◆ **THE DATA**
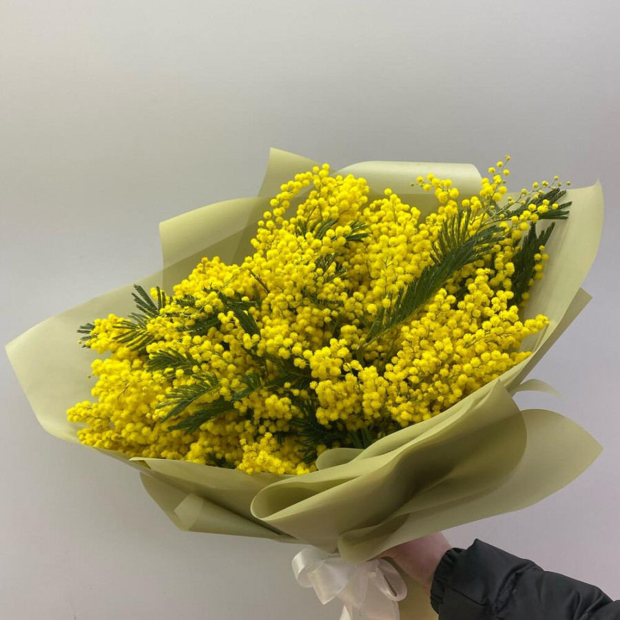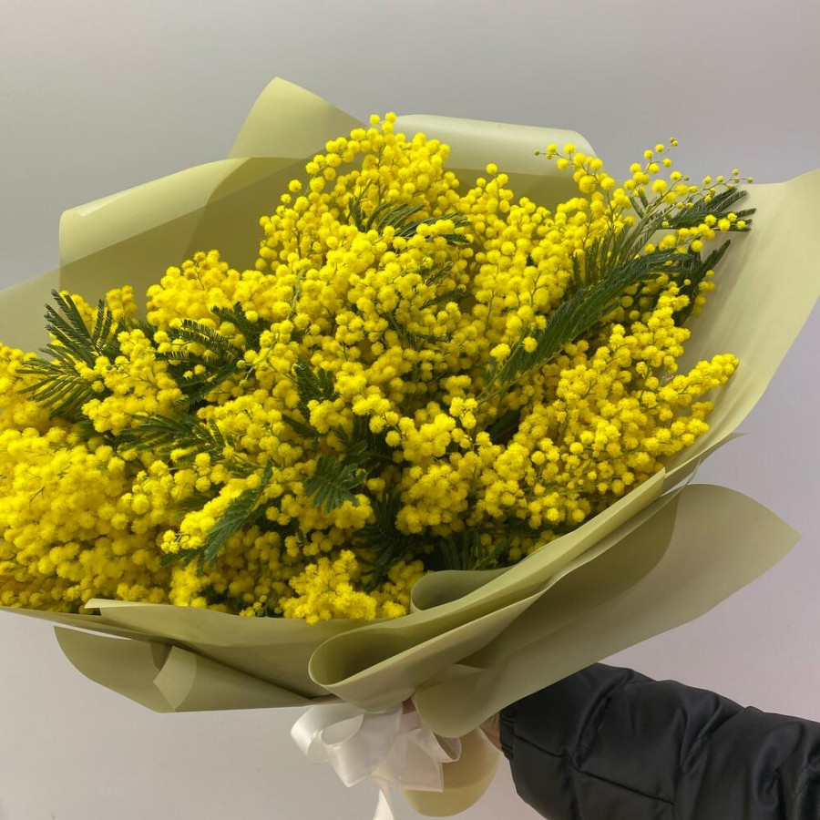 На фото большой букет из мимозы. В составе: мимоза 29 шт, дизайнерская упаковка 1 шт, атласная лента 1 шт, . Все цветы свежие и ароматные, букет красиво оформлен и отлично подходит для подарка. Доступна доставка цветов или самовывоз.
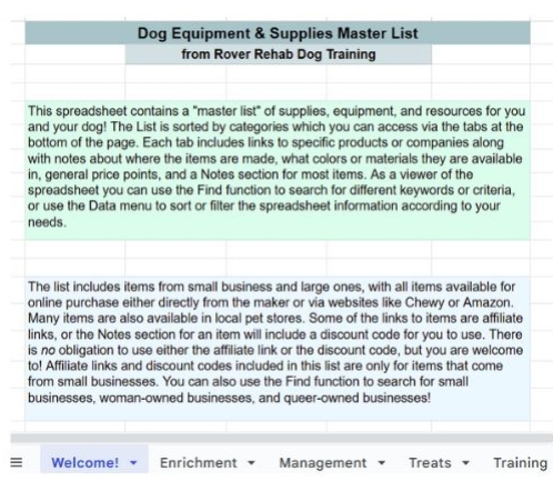 A comprehensive spreadsheet with detailed information about training, enrichment, management, grooming items, & tons of helpful resources!
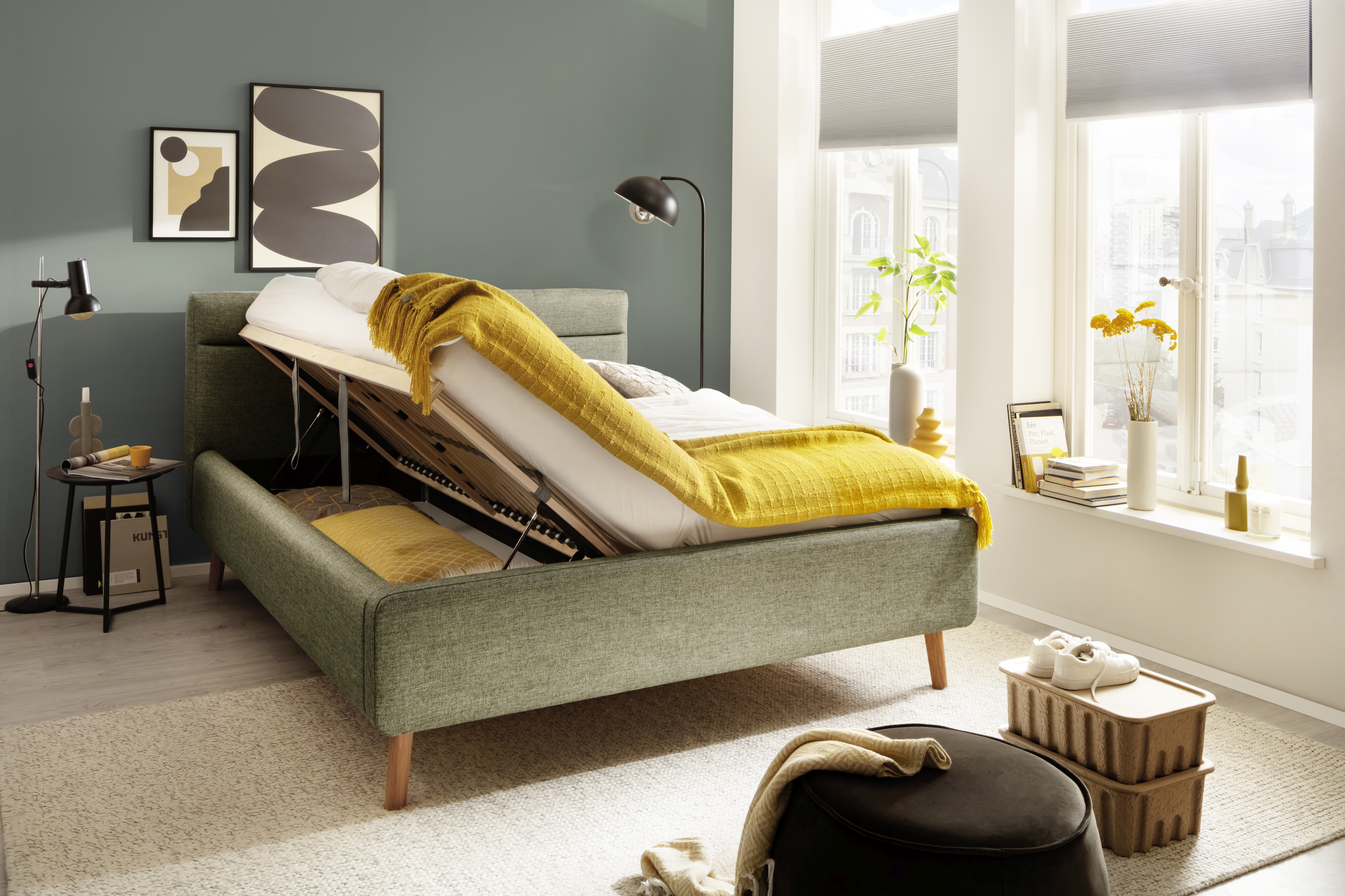 Inclus : 2 coffres de lit avec aération et sommiers à lattes en bois multiplis avec ouverture latérale
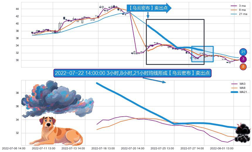 形态多维评估: ⚀ 2022-07-14 14:00:00小时-2022-08-01 14:00:00小时显现 3小时-8小时-21小时均线 【乌云密布】卖出点 看空信号,后市看跌,卖出
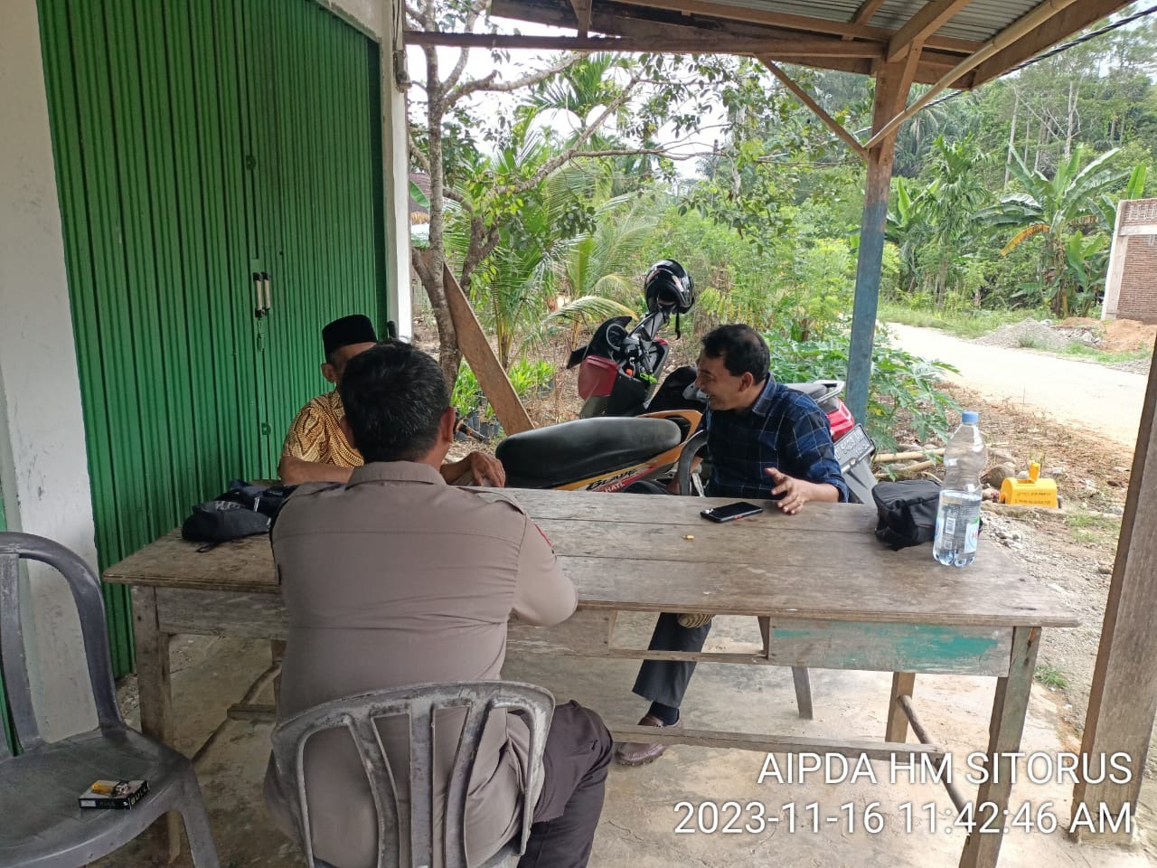 Kaur – Pukul 11.50 WIB Personel Polsek Muara Sahung Polres Kaur Polda Bengkulu, Aipda Edi Sembiring bserserta Bhabinkamtibmas Aipda HM. Sitorus melaksanakan patroli sambang di Desa Ulak Bandung Kecamatan Muara Sahung Kabupaten Kaur, Kamis (16/11/2023).
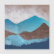 Un magnifique paysage aux textures uniques montrant un paysage de montagne bleu avec un ciel nuageux et des nuances de magenta brun et foncé.
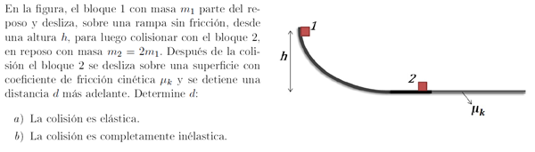 En la figura, el bloque 1 con masa m1 parte del reposo y desliza, sobre una rampa sin fricción, desde una altura h, para luego colisionar con el bloque 2, en reposo con masa m2 = 2m1. Después de la colisión el bloque 2 se desliza sobre una superficie con
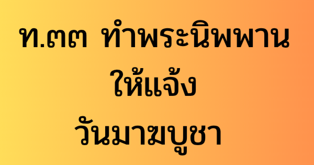 ท.๓๓ ทำพระนิพพานให้แจ้งวันมาฆบูชา
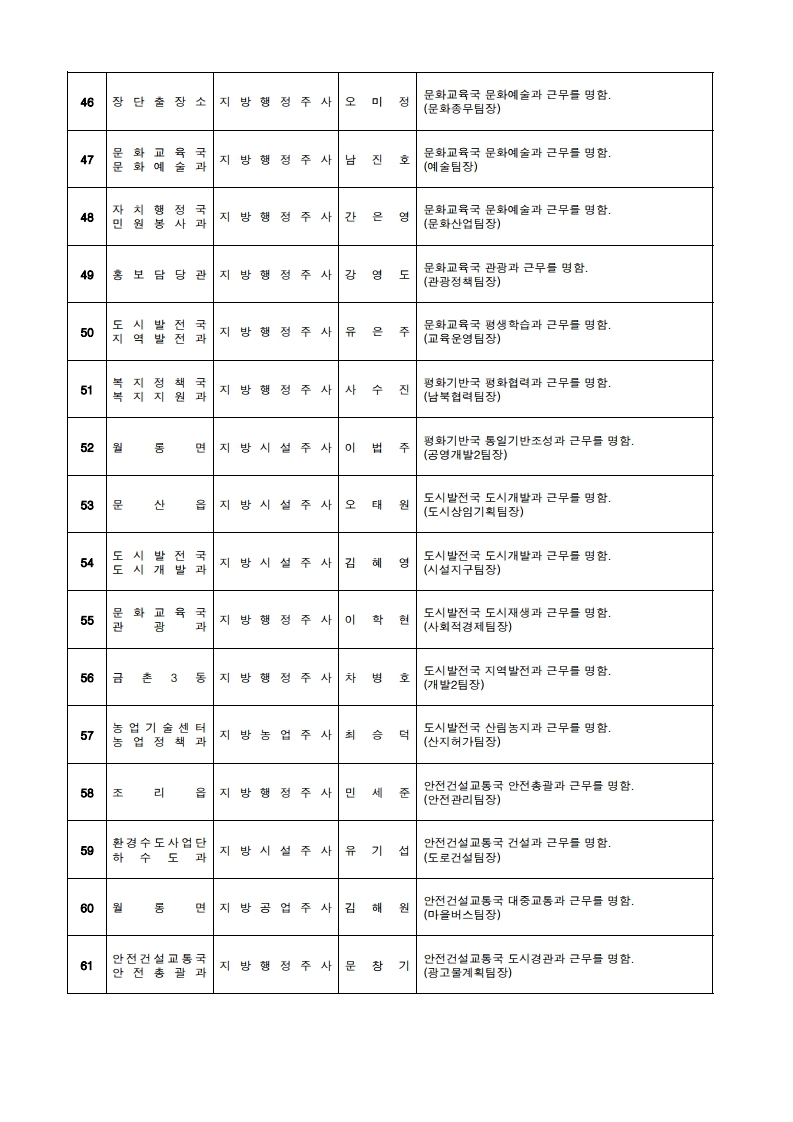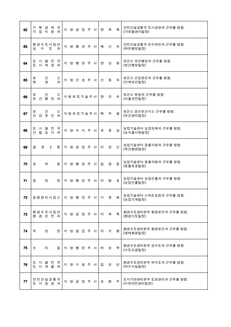 4급 승진인사로는 ▲문화교육국장으로 윤덕규 안전총괄과장 ▲안전건설교통국장으로 이병준 건설과장 ▲도시기반관리본부장으로 박석문 자치행정과장 ▲의회사무국장으로 장문규 대중교통과장이 임명됐다.

◆ **GOAL OF THE EXERCISE**
Where a picture appears, omit it; otherwise reproduce each line above from the first to the one with "形态多维评估: ⚀ 2022-07-14", inclusive.

◆ **REPLY TO THE TASK**
 На фото большой букет из мимозы. В составе: мимоза 29 шт, дизайнерская упаковка 1 шт, атласная лента 1 шт, . Все цветы свежие и ароматные, букет красиво оформлен и отлично подходит для подарка. Доступна доставка цветов или самовывоз.
 A comprehensive spreadsheet with detailed information about training, enrichment, management, grooming items, & tons of helpful resources!
 Inclus : 2 coffres de lit avec aération et sommiers à lattes en bois multiplis avec ouverture latérale
 形态多维评估: ⚀ 2022-07-14 14:00:00小时-2022-08-01 14:00:00小时显现 3小时-8小时-21小时均线 【乌云密布】卖出点 看空信号,后市看跌,卖出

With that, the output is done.